November 1941. The Italian Empire in East Africa exists only on paper. Since the spring, British, South African, and Indian columns, along with the Ethiopian Patriots, have overrun the vast territories conquered five years earlier. Addis Ababa has fallen, the Negus Haile Selassie has regained his throne, and the great Italian garrisons have capitulated one after another. Only one pocket remains, clinging to the highlands of northwestern Ethiopia: the region of Gondar, commanded by General Guglielmo Nasi.
There, in a maze of mountain passes, forts, and peaks defended for months, Nasi holds on. His men—Italian soldiers and colonial askaris—have repelled assault after assault, inflicting heavy losses on attackers who are nevertheless far superior in numbers and matériel. But the noose is tightening. Supplies are running out, ammunition is counted round by round, enemy aircraft dominate the skies, and no resupply can cross the lines anymore. The fortress-villages that screened Gondar are falling one by one under the fire of the Patriots and Allied artillery.
The general knows that organized resistance is drawing to a close. Before him lie mountainous terrains well suited to dispersal, but his wounded are piling up and his starving columns will not hold out much longer.
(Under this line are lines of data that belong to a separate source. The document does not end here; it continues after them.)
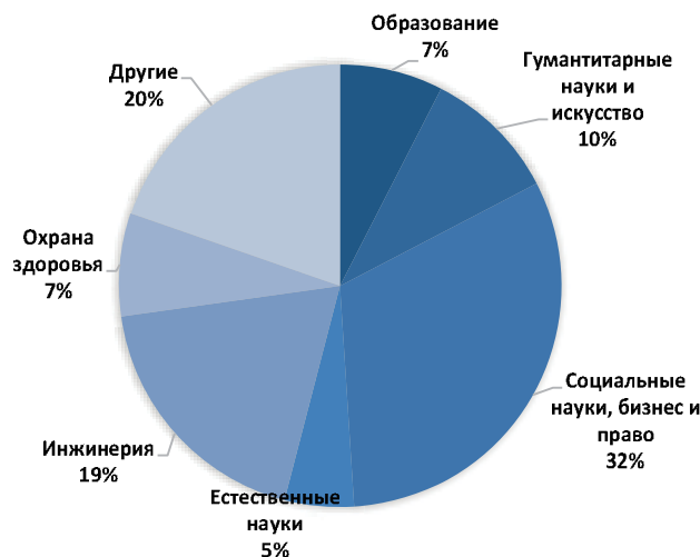
Рис.1. Ценностная приоритетность образовательных сфер среди студентов Украины. Составлено авторами по материалам [4].

Важность трансформации управления образовательным процессом в Украине обусловлено тем, что, несмотря на высокие количественные показатели уровня финансирования, Украина отстает от развитых стран по его качеству и вкладом в научно-технический прогресс. Согласно рейтингу глобальной конкурентоспособности ВЭФ 2016/17 гг. Украина заняла высокое 33-е общее место по высшему образованию и обучению среди 138 стран, в котором учитывается ряд характеристик, и самой высокой из них стало количество лиц, получающих высшее образование, заняв 11-ю позицию [12]. Однако по показателям его качества, взаимосвязи между образовательными учреждениями и бизнесом, внедрения инновационных технологий в производство, достижений академических, в частности гуманитарных наук, Украина находится не на таких высоких позициях. Причиной этому может выступать структура специальностей, по которым обучаются студенты, и из которой формируются данные показатели. В Украине наблюдается следующая тенденция популярности и ценности образовательных программ. Самыми востребованными для абитуриентов являются право, экономика и предпринимательство, менеджмент и администрирование (рис.1). Несмотря на большое разнообразие специальностей инженерии самыми многочисленными являются сфера информатики и вычислительной техники, машиностроения и материалообработки, другие специальности инженерии пользуются меньшим спросом. Так же гуманитарные науки остаются привлекательными для многих студентов.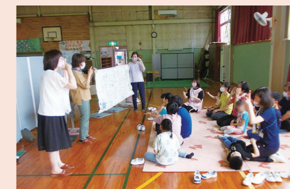
【公益財団法人浜松こども園】 ホールのカーテン整備事業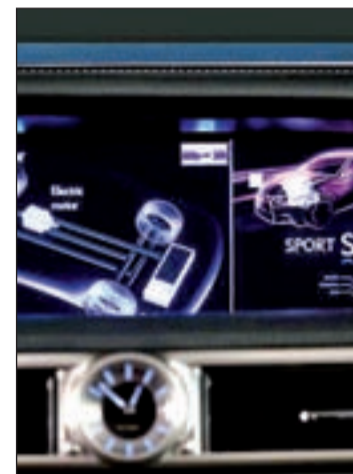
Pantalla del Lexus GS 450h

Esta nueva pantalla tiene un tamaño y una resolución superior a la de un iPad2 colocado en horizontal. En definitiva, gracias a esta tecnología sus usuarios podrán disfrutar de gráficos e imágenes en alta resolución más realistas que las mostradas en las actuales pantallas de navegación. Además la pantalla del nuevo Lexus GS 450h es lo suficientemente amplia como para mostrar menús y submenús (de forma conjunta y dividida) disminuyendo notablemente el tiempo que el conductor deja de observar la circulación y aumentando, por tanto, la seguridad.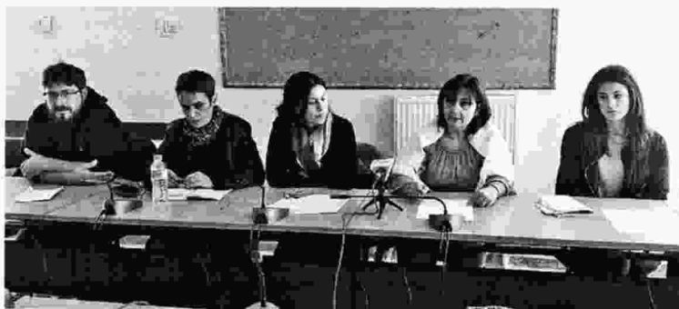
Από τη χτεσινή συνέντευξη Τύπου των σωματείων που διοργανώνουν την κινητοποίηση

Καταγγέλλθηκε ότι η κυβέρνηση υλοποιεί κατά γράμμα τις πολιτικές των προκατόχων της, ενώ με τα νέα μέτρα που αποφασίζει, όπως η μείωση της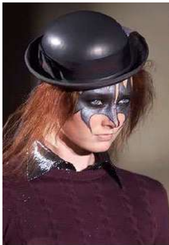
<그림 88> 반항성 7 (2002 F/W Alexander McQueen )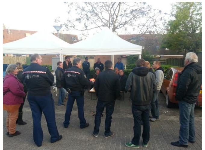
Een van de vijf locaties waar een voor de buurt/wijk belangrijk onderwerp werd besproken.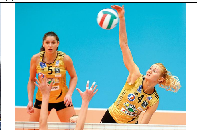
Fig 4 : Au volley-ball la balle est déviée.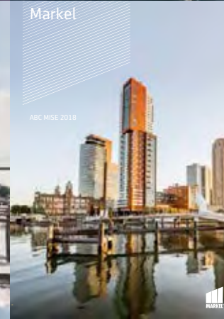
ABC MISE 2018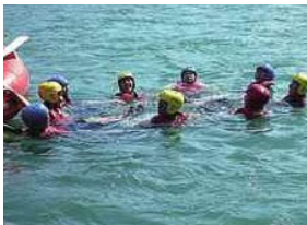
水辺の安全利用講習会

河川や河川空間を使って、観察会や、安全に河川を利用するための講習会などを実施します。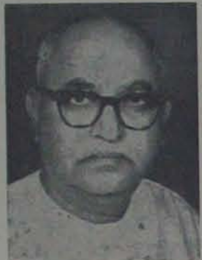
గోవా సమస్యను గొడవచేసిన మైసూరు ముఖ్యమంత్రి

యేండు గడదినవి. ఈ కాలంలో చేశాం కోసం, స్వేచ్ఛకోసం, దుష్టశక్తులను విరోధించి పాపాదన నమయం లేదుగదా! తన యుద్ధకాలంకేత ప్రవృత్తులకు వికారతవ్యవస్థను రాజీయంగా రూపొందించిన స్వచ్ఛమైన, రాజాశ్రయం, ముఖ్యమైన అంతమేమనగా: స్వేచ్ఛను ప్రేమించేదేశానికి ఆవనరమైన యుద్ధాలో చన నవ్వంగా చేస్తున్నామా?... మనరక్షణ విధానంలోని ఉష్ణవక్షిణతవ్యవస్థను? శ్రీ కె. యం. మున్నీ (కులవలెం నెం. 340, 18 జులై 1965 'భవన్వీక్షణలో')

The hour of decision has come.
At the head of the last Italian pocket in East Africa, encircled and at the end of your resources, what do you decide?
Nasi led the defense of Gondar to the very limit, repelling the British and the Ethiopian Patriots for months. Short of supplies and ammunition, and after the fall of the last strongpoints, he capitulated on 27 November 1941, ending organized Italian resistance in East Africa. Tens of thousands of soldiers and askaris were taken prisoner. A few diehards refused to surrender and waged an isolated guerrilla campaign in the mountains until 1943. The tenacity of the defense of Gondar earned Nasi a reputation as a respected commander, even among his adversaries.